● WORK TO COMPLETE
Your copy should match the listing word for word, apart from the pictures, which are left out.

● INPUT DATA
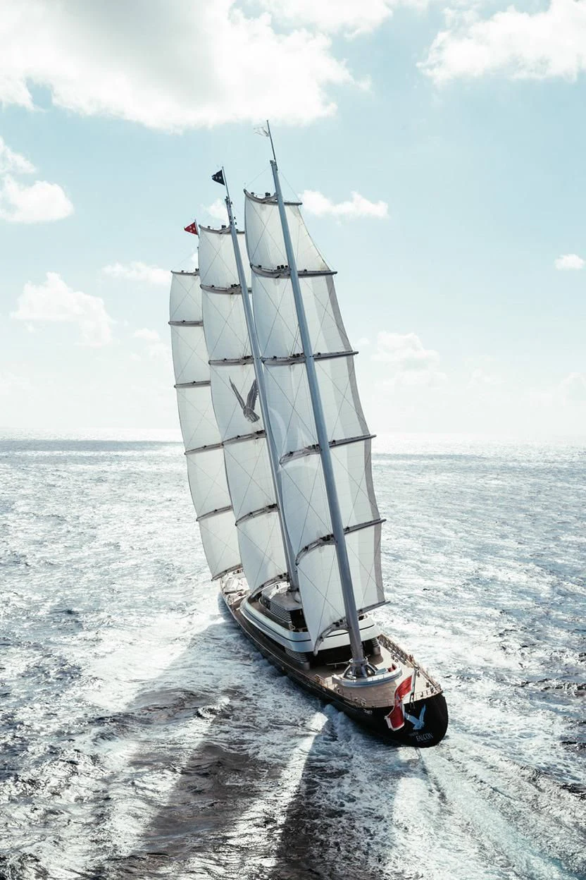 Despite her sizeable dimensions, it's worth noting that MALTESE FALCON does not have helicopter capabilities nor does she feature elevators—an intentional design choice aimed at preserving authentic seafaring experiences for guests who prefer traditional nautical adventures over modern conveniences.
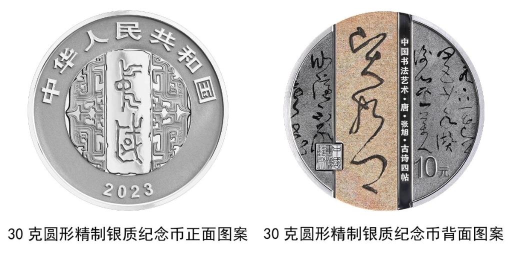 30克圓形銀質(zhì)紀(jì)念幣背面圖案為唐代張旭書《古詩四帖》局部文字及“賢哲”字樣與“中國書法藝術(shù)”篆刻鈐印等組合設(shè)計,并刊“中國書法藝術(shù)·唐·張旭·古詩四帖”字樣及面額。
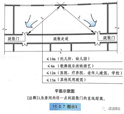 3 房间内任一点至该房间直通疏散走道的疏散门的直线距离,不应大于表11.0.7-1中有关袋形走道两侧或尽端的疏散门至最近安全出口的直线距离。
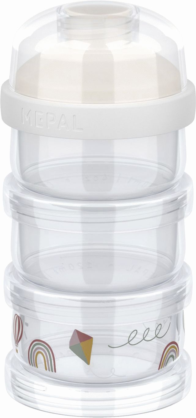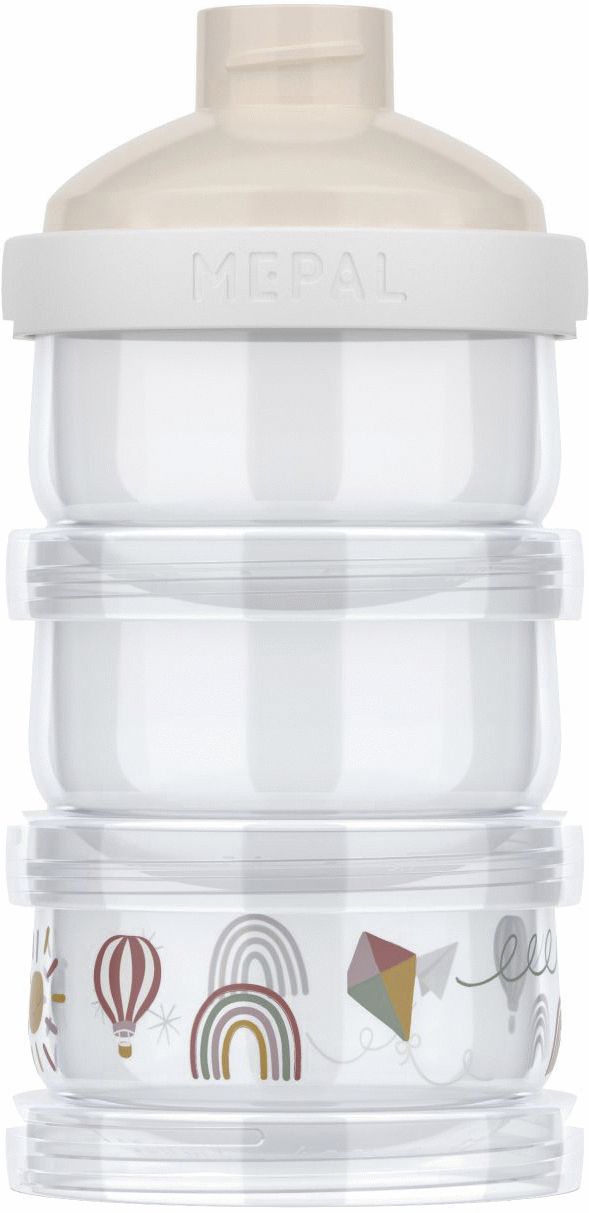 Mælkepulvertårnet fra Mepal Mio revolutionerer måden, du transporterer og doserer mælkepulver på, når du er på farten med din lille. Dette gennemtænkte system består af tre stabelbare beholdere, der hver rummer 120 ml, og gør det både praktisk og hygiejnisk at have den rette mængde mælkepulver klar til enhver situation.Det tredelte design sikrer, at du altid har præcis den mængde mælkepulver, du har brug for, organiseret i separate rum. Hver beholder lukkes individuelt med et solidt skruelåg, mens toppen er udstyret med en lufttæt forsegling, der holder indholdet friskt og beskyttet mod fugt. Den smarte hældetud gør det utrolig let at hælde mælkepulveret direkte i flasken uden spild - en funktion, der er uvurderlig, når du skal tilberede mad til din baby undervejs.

● SOLUTION TO THIS TASK
 Despite her sizeable dimensions, it's worth noting that MALTESE FALCON does not have helicopter capabilities nor does she feature elevators—an intentional design choice aimed at preserving authentic seafaring experiences for guests who prefer traditional nautical adventures over modern conveniences.
 30克圓形銀質(zhì)紀(jì)念幣背面圖案為唐代張旭書《古詩四帖》局部文字及“賢哲”字樣與“中國書法藝術(shù)”篆刻鈐印等組合設(shè)計,并刊“中國書法藝術(shù)·唐·張旭·古詩四帖”字樣及面額。
 3 房间内任一点至该房间直通疏散走道的疏散门的直线距离,不应大于表11.0.7-1中有关袋形走道两侧或尽端的疏散门至最近安全出口的直线距离。
 Mælkepulvertårnet fra Mepal Mio revolutionerer måden, du transporterer og doserer mælkepulver på, når du er på farten med din lille. Dette gennemtænkte system består af tre stabelbare beholdere, der hver rummer 120 ml, og gør det både praktisk og hygiejnisk at have den rette mængde mælkepulver klar til enhver situation.Det tredelte design sikrer, at du altid har præcis den mængde mælkepulver, du har brug for, organiseret i separate rum. Hver beholder lukkes individuelt med et solidt skruelåg, mens toppen er udstyret med en lufttæt forsegling, der holder indholdet friskt og beskyttet mod fugt. Den smarte hældetud gør det utrolig let at hælde mælkepulveret direkte i flasken uden spild - en funktion, der er uvurderlig, når du skal tilberede mad til din baby undervejs.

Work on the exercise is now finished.